* _What this task involves_
For this exercise, restate word for word only the lines from the one containing "Rejeição 805: A" through the last line below. Pictures do not get copied.

* _Data below_
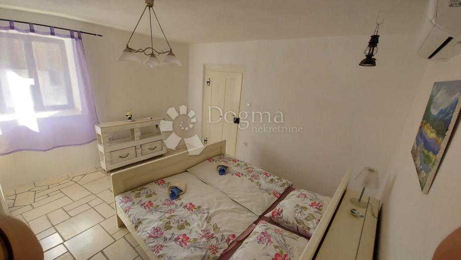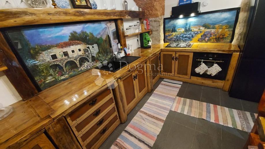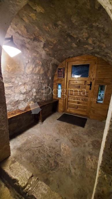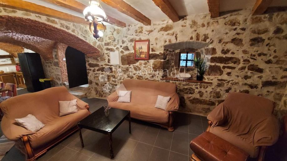 Prolazeći kroz masivna starinska vrata,ulazi se u veliko popločeno dvorište sa bazenom,kaminom te dvije natkrivene terase.
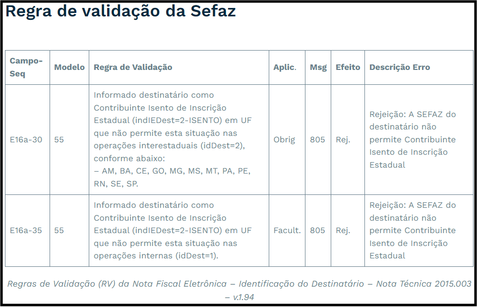 Rejeição 805: A SEFAZ do destinatário não permite Contribuinte Isento de Inscrição Estadual
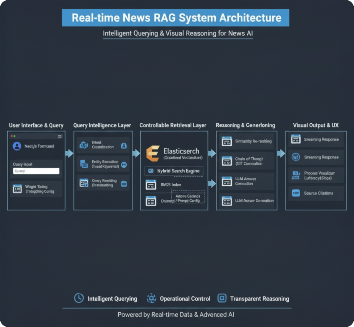- Hybrid Indexing: **BM25(키워드 검색)**와 **Vector(의미 검색)**를 결합하여, 고유 명사가 많은 뉴스 데이터의 특성에 최적화된 하이브리드 검색 기반을 마련했습니다.
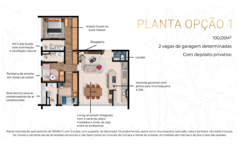 Empreendimento sucinto e direto, eu diria, porque é um terreno compacto de 1.900m² aproximadamente, que sustenta tudo que você precisa no dia a dia, torre unica com 3 aptos por andar ( na verdade são 4, porém, uma das prumadas são studios - que não se conecta e nem usarão a área comum do prédio - ), com plantas maravilhosas e 100% aproveitaveis de 100m² com 3 ou 2 suítes, todos os banheiros com janelas, e plantas convencionais (permite que você mude totalmente o layout), além de 2 vagas determinadas + depósito.

* _Answer section_
 Rejeição 805: A SEFAZ do destinatário não permite Contribuinte Isento de Inscrição Estadual
- Hybrid Indexing: **BM25(키워드 검색)**와 **Vector(의미 검색)**를 결합하여, 고유 명사가 많은 뉴스 데이터의 특성에 최적화된 하이브리드 검색 기반을 마련했습니다.
 Empreendimento sucinto e direto, eu diria, porque é um terreno compacto de 1.900m² aproximadamente, que sustenta tudo que você precisa no dia a dia, torre unica com 3 aptos por andar ( na verdade são 4, porém, uma das prumadas são studios - que não se conecta e nem usarão a área comum do prédio - ), com plantas maravilhosas e 100% aproveitaveis de 100m² com 3 ou 2 suítes, todos os banheiros com janelas, e plantas convencionais (permite que você mude totalmente o layout), além de 2 vagas determinadas + depósito.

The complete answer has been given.